Business owners reflect
Byron Gulyard has spent a lot of time sitting outside his barber shop on Hennepin Avenue in recent weeks. He sat outside until 4:30 a.m. on two nights to make sure there were no problems at his business. Now he’s sitting outside so regulars can see that despite the boards on the windows, One 21 4 East Barbershop is open for business.
“This is how we feed our families,” he said, describing the pandemic and protests as a “double whammy” for the business.
Reflecting on the police killing of George Floyd, Gulyard, who is African American, said he’s been harassed by police since he reached driving age more than 30 years ago.
“It could have happened to myself, it could have happened to my kids, it could have happened to anyone,” he said. “They turn it into a black or white situation, but it’s a right and wrong situation.”
During the protests, a Unicorn Riot reporter was interviewing Hunter outside Trio’s door when state troopers walked by and pushed them inside.
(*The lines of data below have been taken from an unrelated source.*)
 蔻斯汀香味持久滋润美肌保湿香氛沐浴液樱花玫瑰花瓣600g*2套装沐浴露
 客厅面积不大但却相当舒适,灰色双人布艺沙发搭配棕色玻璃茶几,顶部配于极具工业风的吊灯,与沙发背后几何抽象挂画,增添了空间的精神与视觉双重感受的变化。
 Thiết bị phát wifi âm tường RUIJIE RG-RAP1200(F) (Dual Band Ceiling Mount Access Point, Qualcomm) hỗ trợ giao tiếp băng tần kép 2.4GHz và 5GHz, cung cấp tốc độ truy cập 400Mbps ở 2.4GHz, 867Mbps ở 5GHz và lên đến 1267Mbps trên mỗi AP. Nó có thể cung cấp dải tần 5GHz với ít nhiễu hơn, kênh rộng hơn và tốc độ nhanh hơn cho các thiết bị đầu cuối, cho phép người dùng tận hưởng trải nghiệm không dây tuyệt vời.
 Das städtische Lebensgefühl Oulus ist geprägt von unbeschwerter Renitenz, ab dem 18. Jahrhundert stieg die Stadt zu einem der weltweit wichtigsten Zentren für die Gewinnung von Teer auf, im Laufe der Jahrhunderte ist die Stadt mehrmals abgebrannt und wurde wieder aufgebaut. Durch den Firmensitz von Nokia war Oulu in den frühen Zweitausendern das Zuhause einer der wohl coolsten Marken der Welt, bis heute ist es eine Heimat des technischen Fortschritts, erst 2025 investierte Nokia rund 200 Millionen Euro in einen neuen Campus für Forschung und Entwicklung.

For Hunter, it brought back painful memories of protesting Philando Castile’s killing.
“Unfortunately, me being black, in a community that I own a restaurant in, white police officers found it hard to believe that I’m the owner,” he said.
Trio’s co-founders suggested shutting down when they ran into financial trouble, but Hunter said he wanted to keep going. He became the sole owner in 2019.
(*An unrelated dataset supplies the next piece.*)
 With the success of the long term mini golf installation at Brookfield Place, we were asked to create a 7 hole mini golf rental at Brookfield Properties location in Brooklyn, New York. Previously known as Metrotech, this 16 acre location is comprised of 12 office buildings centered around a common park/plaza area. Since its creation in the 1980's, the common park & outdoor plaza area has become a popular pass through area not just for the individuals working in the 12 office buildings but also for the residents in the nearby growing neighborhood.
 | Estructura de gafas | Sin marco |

“Looking back wasn’t an option. I can’t do that, it would have led me right back to the streets, and I didn’t want to do that,” he said.
Ever since he put up a takeout sign and opened the restaurant window to let some air in, he’s been selling 200 to 300 meatless Beyond burgers each day. A GoFundMe to benefit Trio has raised more than $160,000. Now Hunter plans to meet with other black-owned restaurants and help other entrepreneurs who don’t have kitchens yet.
“I’ve never seen this in my life. Every day I wake up and it’s like, Is this real? I’ve got to pinch myself. I’m just overwhelmed by supporters,” he said.
While waiting for her business to fully reopen, Ja’Lisa Calaway, owner of Ja’Lisa’s Gorgeous Extensions, said she had a couple of panic attacks, a couple of breakdowns and applied for a couple of grants. An unhappy customer recently threatened to damage her business. But the Kingfield neighborhood has been very supportive, she said.
“People I don’t even know are texting my phone like, ‘Hey, I walked past your shop today, everything’s all good,’” she said. “People genuinely actually care.”
She’s skeptical of businesses that have never hired a black person and now display Black Lives Matter boards on their windows. She plans to keep her own store boarded until at least July.
“I’m kind of nervous about reopening. I kind of just want to wait and to see if they actually convict the police officers,” she said. “I know the truth that if they don’t, it’s going to go bad really fast.”
Sunny’s Hair & Wigs has operated at 2938 Lyndale Ave. S. for 28 years. Owner Lisa Memberr would like to continue to maintain the store’s presence in Minneapolis, and she’s working to secure insurance payment for items that were destroyed.
“I just feel that the country has just reached a point where something drastic had to be done to hear the voices of those who felt voiceless,” she said.
She worries about her grandsons.
“I don’t want to have to be concerned that there’s a possibility that their lives can just be threatened just because they’re black,” she said. “It’s a true, honest fear that I have, especially for my 16-year-old grandson.”
Memberr’s father was a police officer in New York City, and she grew up with respect for police. It only takes a few people to put a community in dire straits, she said. The same is true for violence — protesters are earnest and committed to the cause, she said. Only a few people go out and cause harm.
“We all become complicit; we all have some responsibility. We either have not voiced our opinions loud enough, or we have not done the work that we need to do to bring about justice and change, especially in the police department,” she said. “Not only do we want the world’s attention, but we want, as a result, change to take place. Human decency. We’re not asking for anything more than human decency.”